## EXERCISE PROMPT
Exact reproduction is required for the lines below starting at the line with "Sebelumnya diberitakan, jasa" and ending at the line with "ビールを飲みながら、雲吞を食べ、麻婆飯を食べる。", both included. No other lines, and no pictures.

## PROVIDED ENTRIES
════════════════

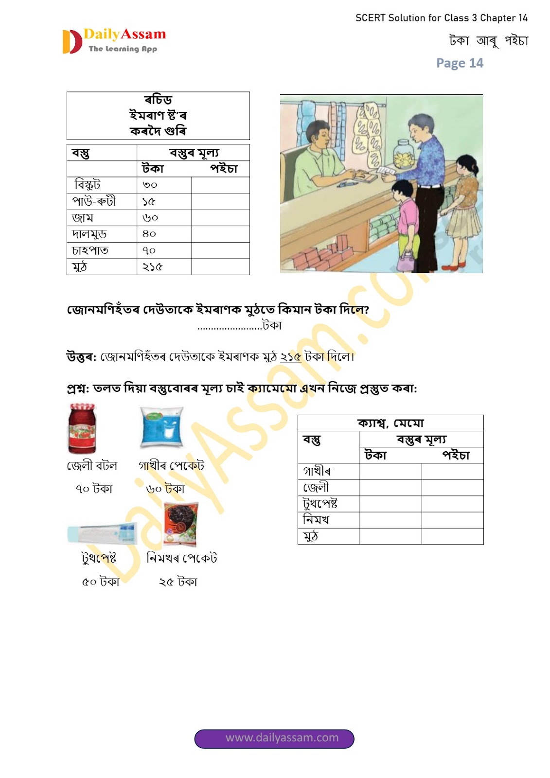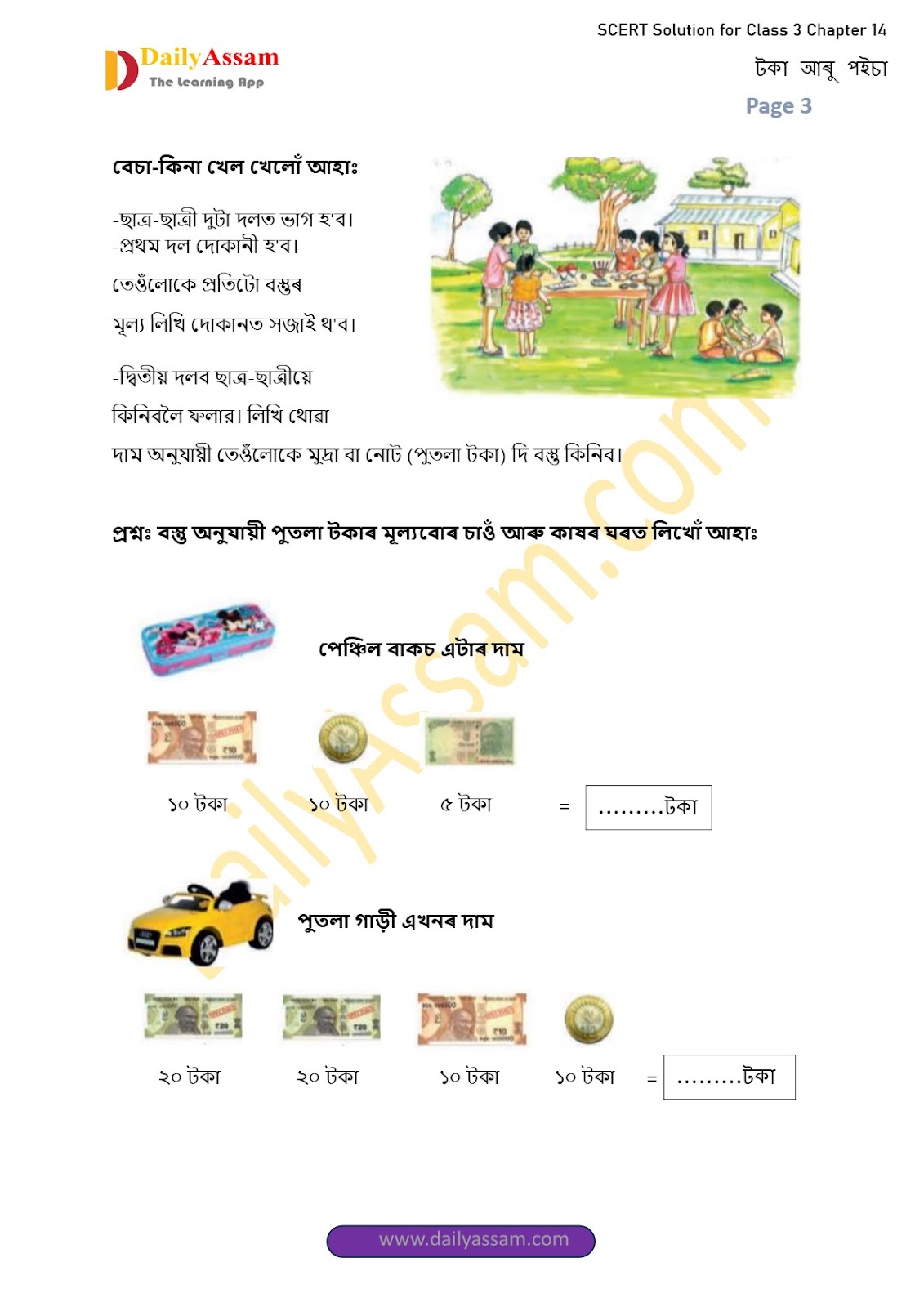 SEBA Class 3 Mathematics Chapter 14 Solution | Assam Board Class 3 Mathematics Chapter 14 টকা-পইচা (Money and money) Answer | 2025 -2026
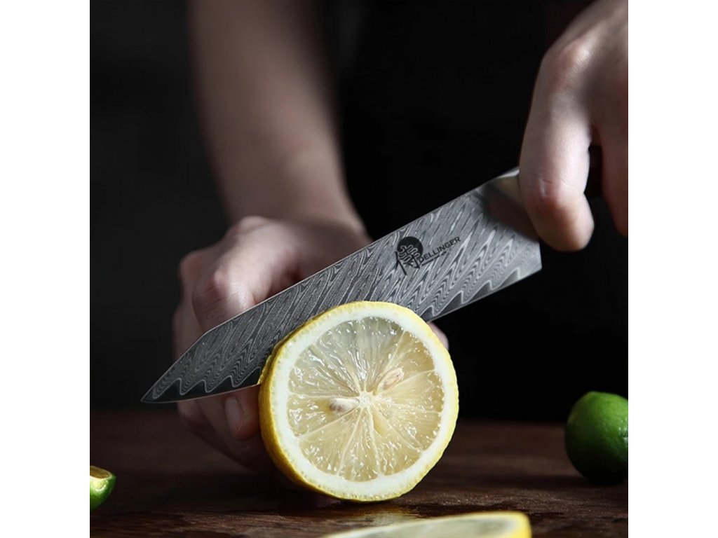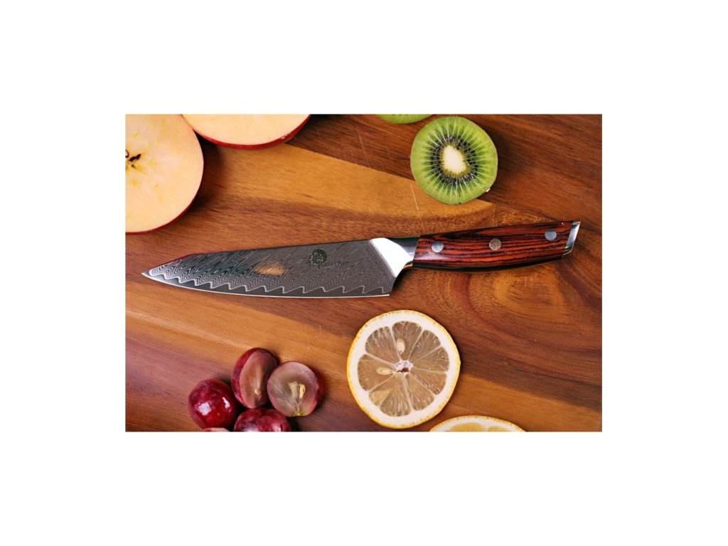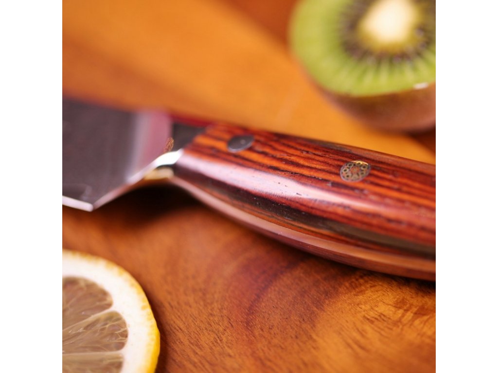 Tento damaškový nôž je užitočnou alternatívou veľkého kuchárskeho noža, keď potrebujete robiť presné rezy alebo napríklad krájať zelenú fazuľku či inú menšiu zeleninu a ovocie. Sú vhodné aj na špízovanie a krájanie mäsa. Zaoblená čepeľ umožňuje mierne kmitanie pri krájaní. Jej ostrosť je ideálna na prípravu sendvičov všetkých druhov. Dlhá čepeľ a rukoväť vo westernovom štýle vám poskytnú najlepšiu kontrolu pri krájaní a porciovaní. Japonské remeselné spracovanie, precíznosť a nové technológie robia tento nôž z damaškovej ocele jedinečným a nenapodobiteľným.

════════════════

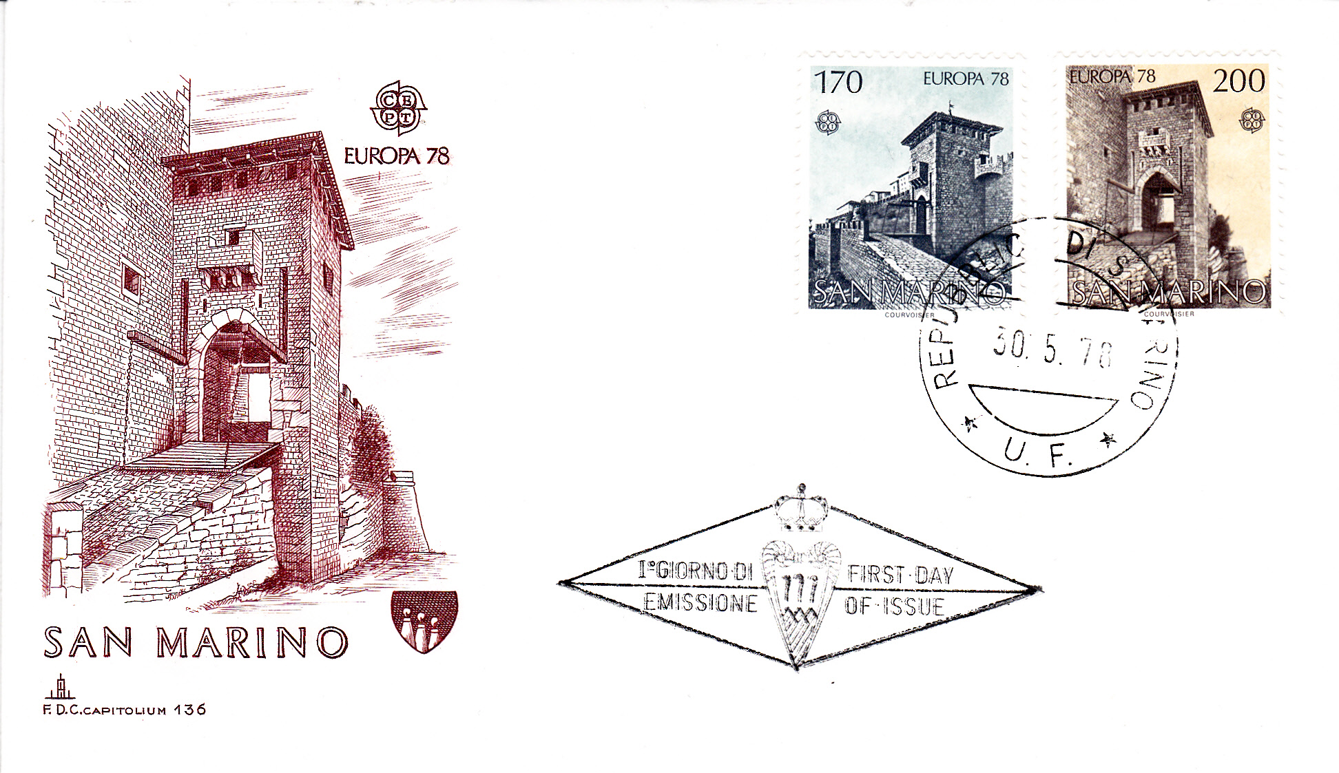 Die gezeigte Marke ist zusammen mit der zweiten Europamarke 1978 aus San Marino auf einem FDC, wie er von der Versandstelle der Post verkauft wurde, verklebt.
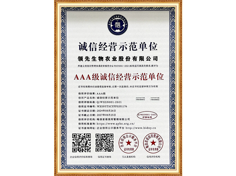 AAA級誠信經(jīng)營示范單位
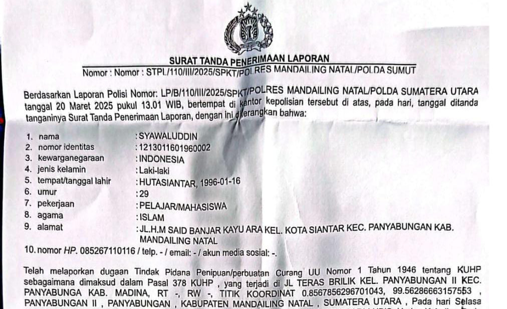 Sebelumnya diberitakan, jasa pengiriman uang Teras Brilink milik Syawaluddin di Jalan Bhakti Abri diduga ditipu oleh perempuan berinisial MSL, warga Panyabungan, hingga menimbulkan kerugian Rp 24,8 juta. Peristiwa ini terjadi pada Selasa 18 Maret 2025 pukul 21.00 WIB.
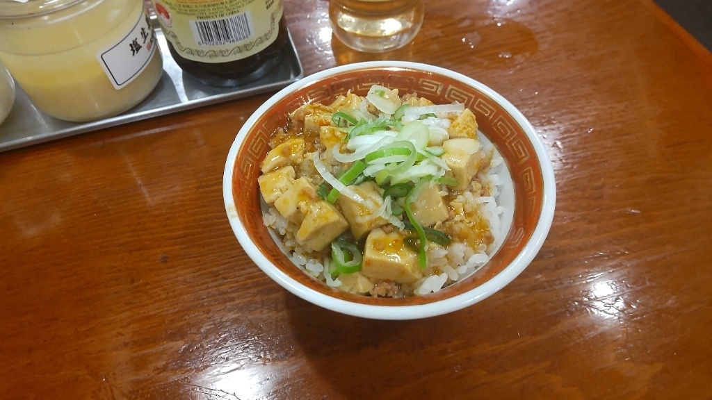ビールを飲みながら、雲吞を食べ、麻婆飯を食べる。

════════════════

## ANSWER SECTION
 Sebelumnya diberitakan, jasa pengiriman uang Teras Brilink milik Syawaluddin di Jalan Bhakti Abri diduga ditipu oleh perempuan berinisial MSL, warga Panyabungan, hingga menimbulkan kerugian Rp 24,8 juta. Peristiwa ini terjadi pada Selasa 18 Maret 2025 pukul 21.00 WIB.
ビールを飲みながら、雲吞を食べ、麻婆飯を食べる。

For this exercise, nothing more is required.